Data excerpt:
Start of Block
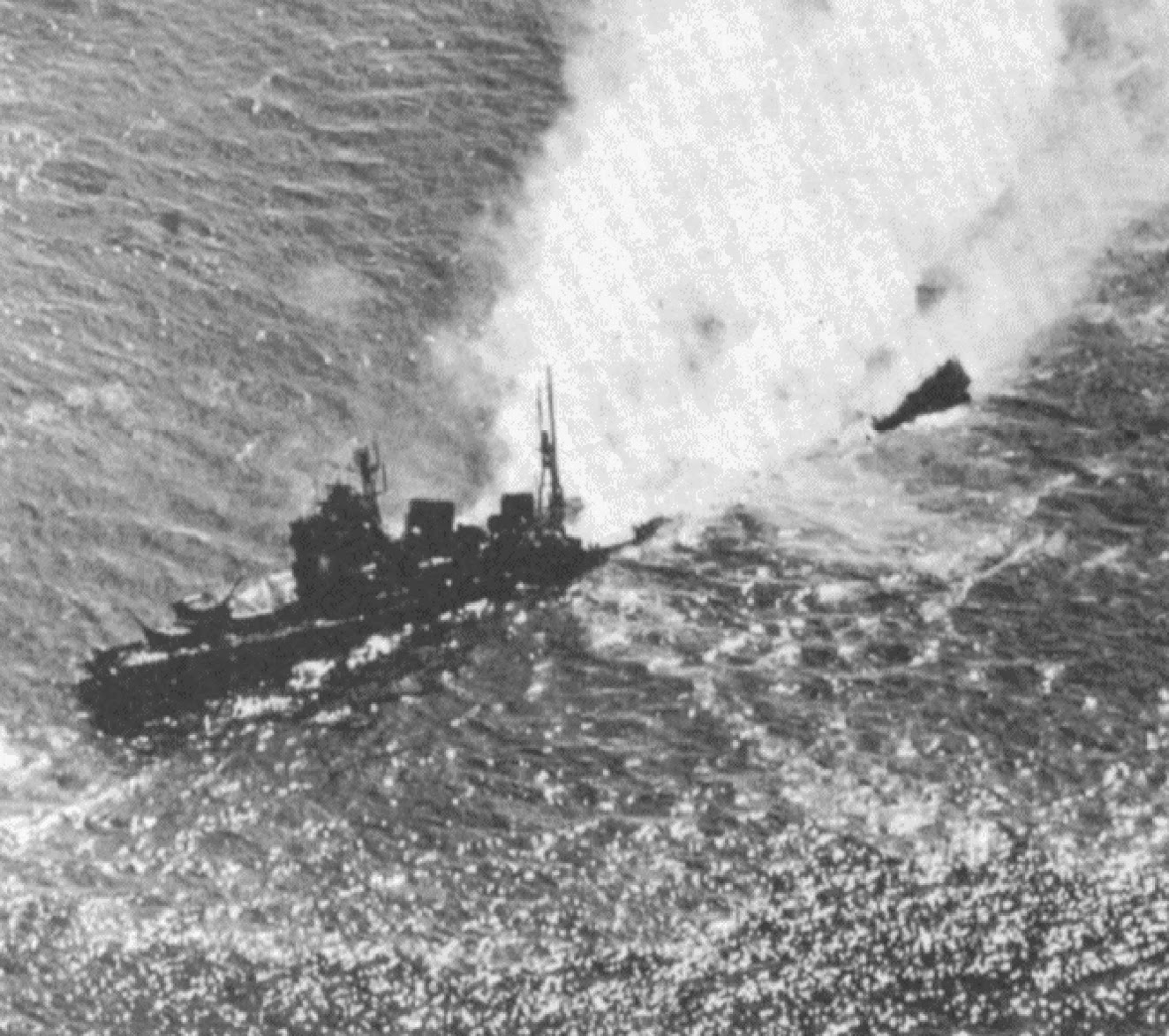 Japanese heavy cruiser Nachi break up to section after fourth attack (U.S. Navy 80-G-288872).
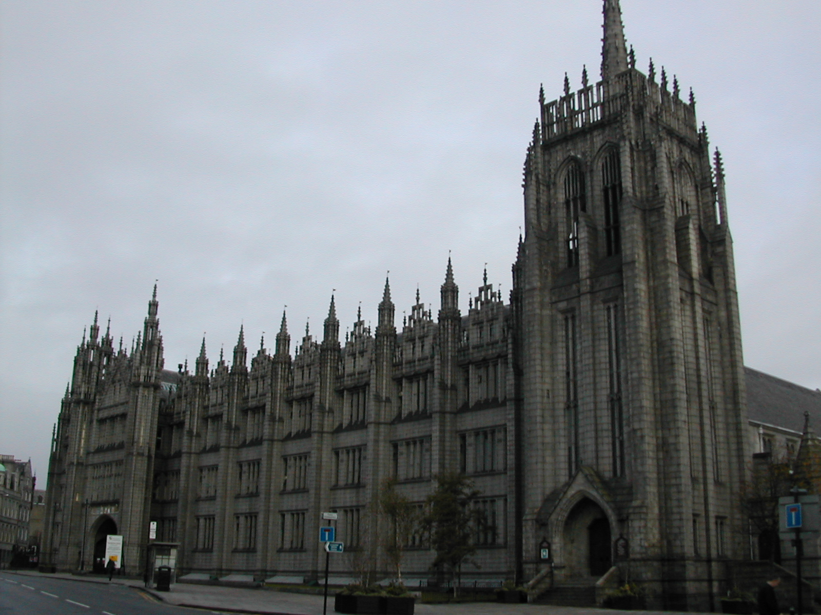 Nom du fichier : DSCN2480.JPG Taille du fichier : 727.8 Ko (745278 octets) Date : 2003/10/26 11:52:30 Taille de l'image : 1600 x 1200 pixels Résolution : 300 x 300 ppp Profondeur en bits : 8 bits/canal Attribut de protection : Désactivé Attribut Masqué : Désactivé ID de l'appareil : N/A Appareil : E775 Mode de qualité : FINE Mode de mesure : Multizones Mode d'exposition : Programme Auto Speed Light : Non Distance Focale : 5.8 mm Vitesse d'obturation : 1/107.9 seconde Ouverture : F7.9 Correction d'exposition : 0 IL Balance des blancs : Auto Objectif : Intégré Mode Synchro-Flash : Premier Rideau Différence d'exposition : N/A Programme Décalable : N/A Sensibilité : Auto Renforcement de la netteté : Auto Type d'image : Couleur Mode Couleur : N/A Saturation : N/A Contrôle Saturation : N/A Compensation des tons : Normal Latitude (GPS) : N/A Longitude (GPS) : N/A Altitude (GPS) : N/A
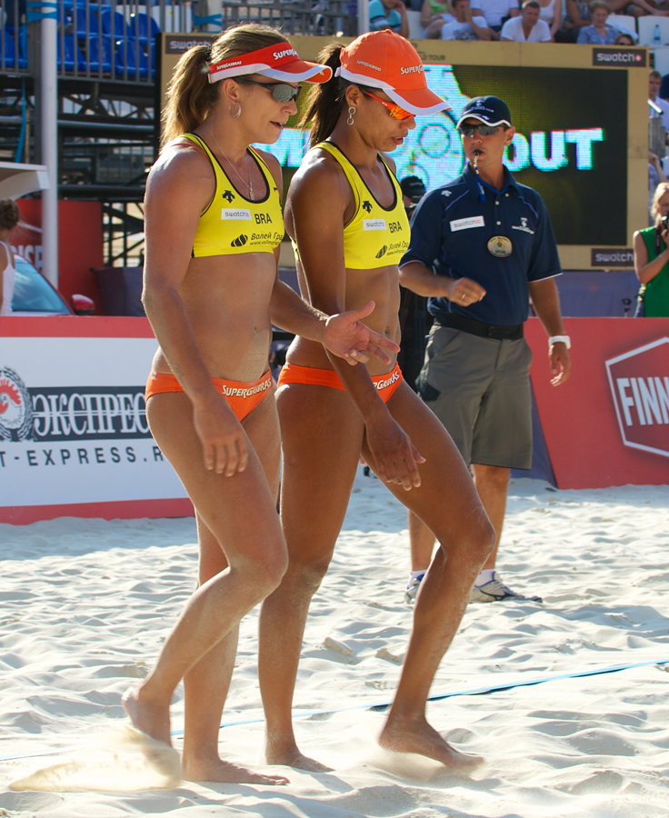 Grand Slam Moscow 2011
End of Block
What is expected: Without the pictures, repeat the listing exactly as it reads.

Solved exercise:
 Japanese heavy cruiser Nachi break up to section after fourth attack (U.S. Navy 80-G-288872).
 Nom du fichier : DSCN2480.JPG Taille du fichier : 727.8 Ko (745278 octets) Date : 2003/10/26 11:52:30 Taille de l'image : 1600 x 1200 pixels Résolution : 300 x 300 ppp Profondeur en bits : 8 bits/canal Attribut de protection : Désactivé Attribut Masqué : Désactivé ID de l'appareil : N/A Appareil : E775 Mode de qualité : FINE Mode de mesure : Multizones Mode d'exposition : Programme Auto Speed Light : Non Distance Focale : 5.8 mm Vitesse d'obturation : 1/107.9 seconde Ouverture : F7.9 Correction d'exposition : 0 IL Balance des blancs : Auto Objectif : Intégré Mode Synchro-Flash : Premier Rideau Différence d'exposition : N/A Programme Décalable : N/A Sensibilité : Auto Renforcement de la netteté : Auto Type d'image : Couleur Mode Couleur : N/A Saturation : N/A Contrôle Saturation : N/A Compensation des tons : Normal Latitude (GPS) : N/A Longitude (GPS) : N/A Altitude (GPS) : N/A
 Grand Slam Moscow 2011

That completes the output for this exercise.